Here is the function:
concat_pth <- function(pth,fld='UCI HAR Dataset') {
paste(fld,pth,sep="/")
}
The paste function has a seperator argument, which concatenates each of the arguments with this in between.
Looking at the files more closely, there are 7 files which are brought together to make our dataset:
- X_train/X_test: contains the data, made up of 561 columns of data read from the Galaxy
- y_train/y_test: contains the activity identifier, which I've called
ActivityID
. These are later converted by... - activity_labels: Contains the mapping from ID to name, such as Laying etc.
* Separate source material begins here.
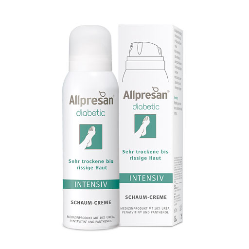 Die Allpresan® diabetic Schaum-Creme INTENSIV zur täglichen Behandlung und Pflege sehr trockener bis rissiger Fußhaut bei Diabetes mellitus fördert den Heilungsprozess der Fußhaut und unterstützt die Wiederherstellung der geschädigten Hautbarriere. Zudem wird der Juckreiz gelindert, die Druckstellen gemindert und der Verhornung entgegen gewirkt.

- subject_train/subject_test: Listing of the unique identifier of the subject/person whom the measurements relate to
These are concatenated using the helper function articulated above, and stored in variables:
#Training paths
full_train <- concat_pth(train_path)
full_train_type <- concat_pth(train_type)
full_train_subj <- concat_pth(train_subj)
#Test paths
full_test <- concat_pth(test_path)
full_test_type <- concat_pth(test_type)
full_test_subj <- concat_pth(test_subj)
#Feature i.e. column names
full_feat <- concat_pth(feat_path)
I tried importing all 360-odd columns, and that didn't end well. I then decided to filter the mean() & std() and only import these columns.
To do this, read.table
the columns and then filter by using the dplyr
function filter()
:
#Column labels
feat <- read.table(full_feat,sep=" ")
inscope <- filter(feat
,grepl('mean()',V2,fixed=TRUE) |
grepl('std()',V2,fixed=TRUE)
)
The columns of the input files are 16 characters wide, and as part of the read.fwf
(fwf = fixed width file) function, if you pass a negative number as part of a vector, this is 'ignore'.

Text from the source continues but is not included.